There’s a lot of chaos in the online world these days, and it’s important and necessary to separate yourself with more personal, memorable connections. Talking in-person or even over the phone can be necessary to stand out. Successful networkers have found a balance of both–utilizing the tools available online for convenience, speed, and efficiency but relying on personal, in-person contacts in those cases where an impression must be made.
Unsure where to start on either front? Here are a few tips for standing out both online and in-person:
Aim for real connections. Form real, memorable connections by remembering details from past conversations and meetings.
Mind your P’s and Q’s. Always ere on the side of etiquette and politeness. You only get one first impression, so use it wisely.
Remember that it’s a small world. Don’t talk poorly about your colleagues or company.
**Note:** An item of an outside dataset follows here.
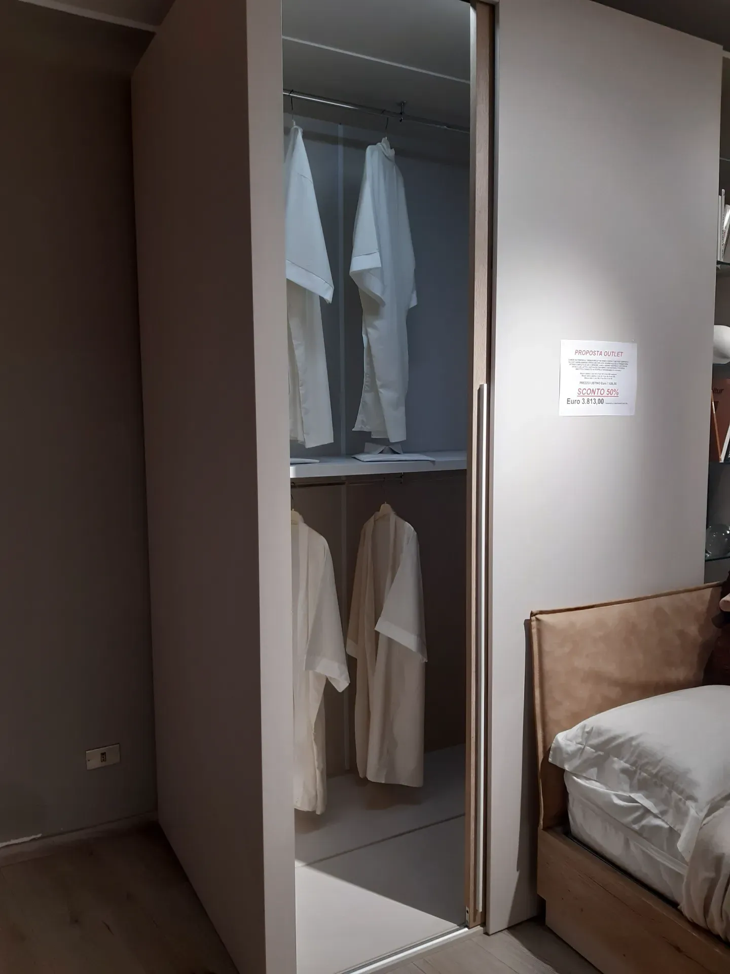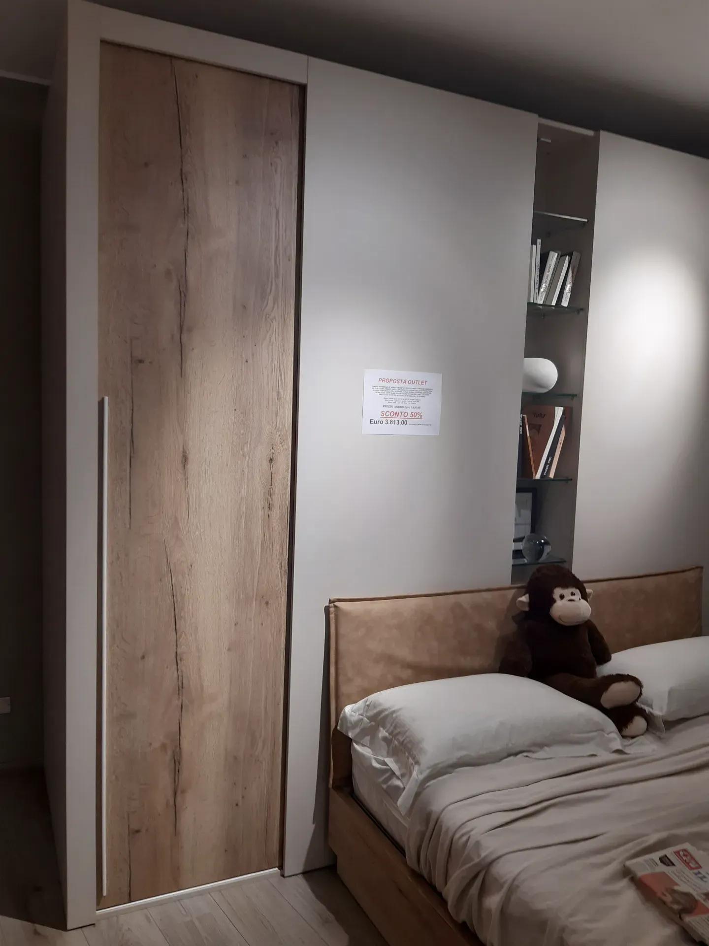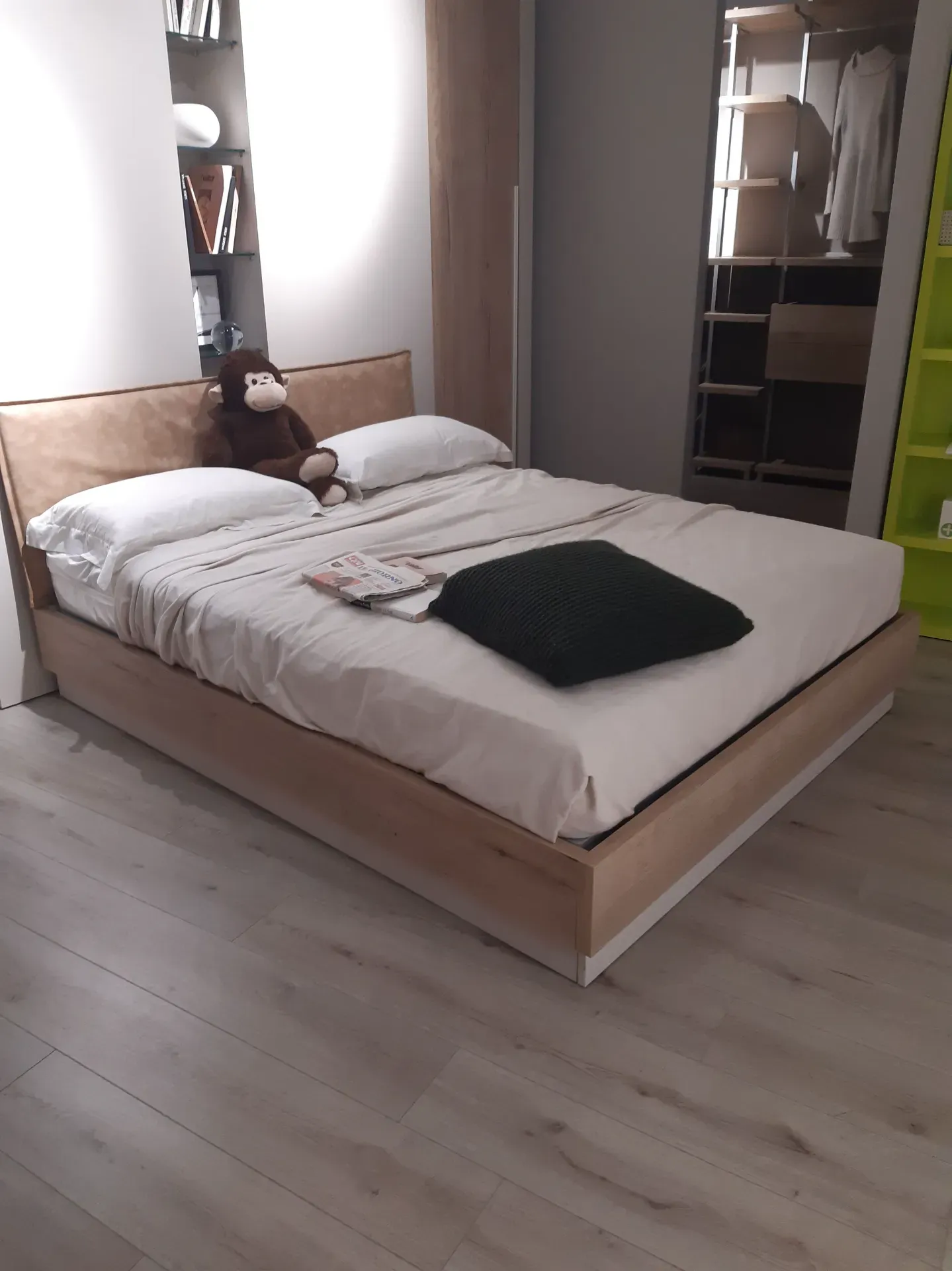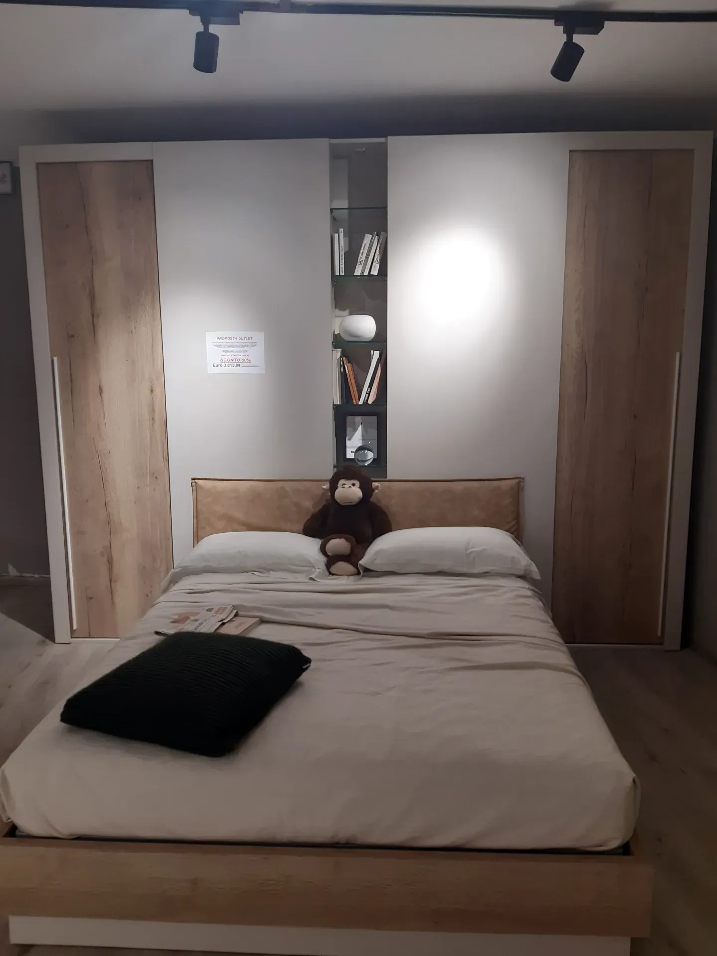 L'offerta comprende due pratiche cabine-armadio X-Cab con porte scorrevoli , attrezzatura interna e luce led a sensore, una colonnina centrale a giorno con ripiani in vetro e luce led, un letto a due piazze con grande contenitore in legno e testiera imbottita e rivestita in ecopelle lavabile

It only reflects poorly on you.
Be prompt with your actions. If information is exchanged, don’t wait too long to respond with a “nice to meet you” email or phone call.
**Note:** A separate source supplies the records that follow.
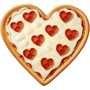 Realistic heart shaped pizza sitting flat in an open top pink pizza box. emoji
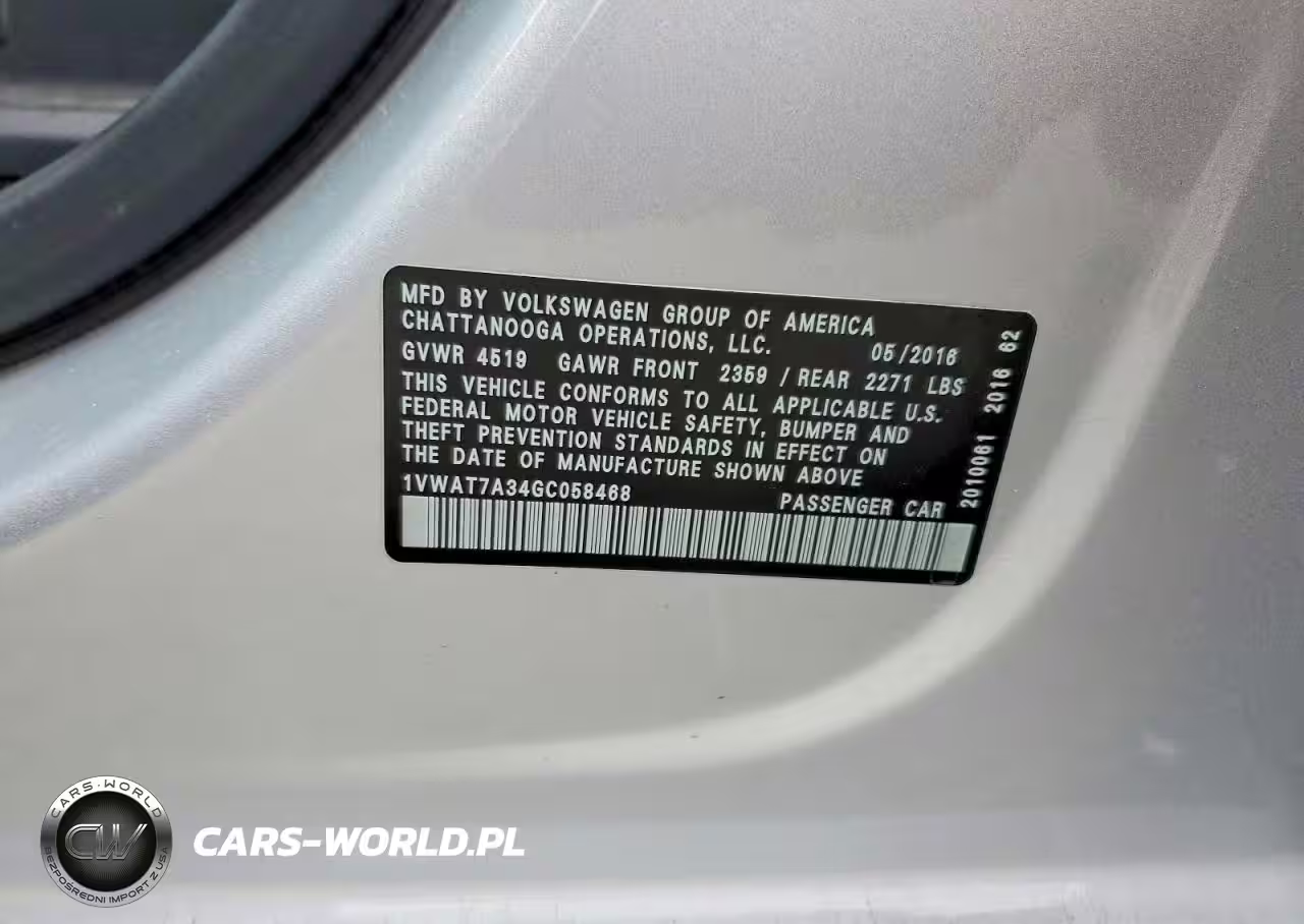 Copart Nr: C-48168296 VIN: 1VWAT7A34GC058468 Port: Los Angeles, CA
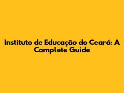Instituto De Educação Do Ceará: A Complete Guide
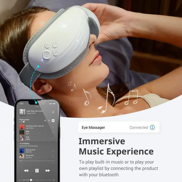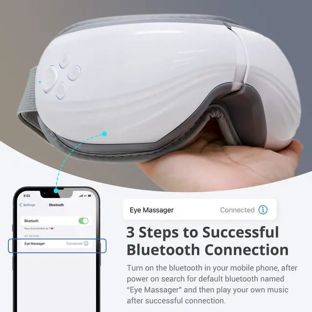 After power on, blue-tooth of eye massager is on by default. If you'd like to link it, please turn on the blue-tooth of your mobile and search for the default named “ Eye Massager”. It'll play your mobile music after successful connection. After it’s disconnected, it will play the default music.
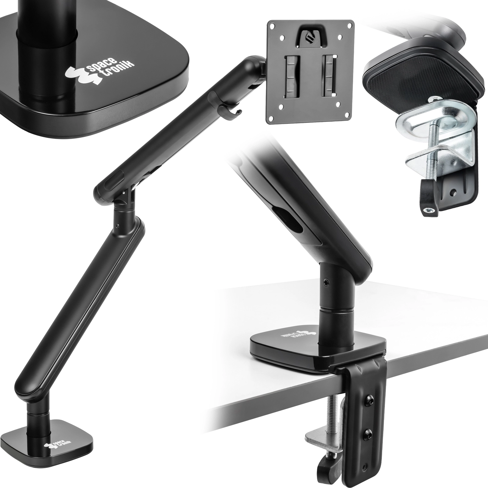 Zapomnij o plastikowych, chwiejnych konstrukcjach, które budzą wątpliwości co do bezpieczeństwa Twojego sprzętu. Korpus uchwytu SPAF110B został wykonany z wysokiej jakości stopu aluminium, co przekłada się na wysoką stabilność monitora o wadze od 2 do 9 kg. Dzięki temu możesz skupić się na pracy lub grze, bez irytujących drgań ekranu przy każdym ruchu myszką czy uderzeniu w klawiaturę. Matowe, czarne wykończenie nie tylko wygląda profesjonalnie, ale jest też mniej podatne na zarysowania i odciski palców, zachowując nienaganny wygląd przez długi czas. To solidna podstawa, na której zbudujesz swoje wymarzone stanowisko – stabilne, bezpieczne i estetyczne.
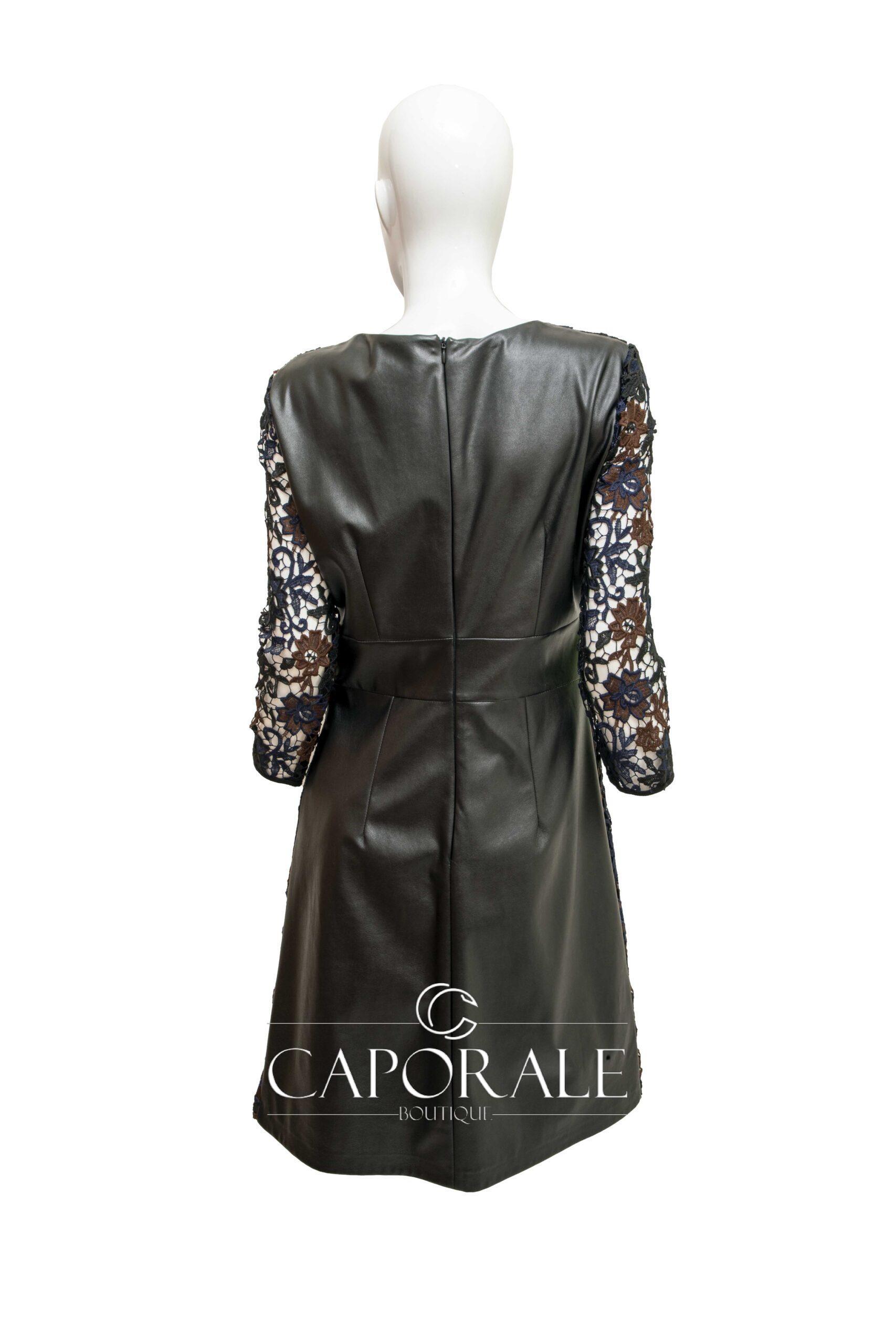 Materiale: 100% poliestere. Tessuto: 100% poliestere. Vestito con pizzo davanti e in pelle dietro. Chiusura con cerniera. Vestibilità regular.

Be proactive. Unless it’s specifically discussed, always aim to make the first contact after meeting someone new.
Carefully select your outlets. Online networking can take off quickly, so choose your tools and determine your strategy in advance.
Be proactive with your online presence. Stay top of mind with someone by following them on Twitter, commenting on their blog articles, etc.
Audit your content daily. Make sure your content is appropriate and relevant to your personal and professional image and goals you’re trying to achieve.
Be dependable. Online networking tools are most effective when you actively maintain, respond, and post fresh content.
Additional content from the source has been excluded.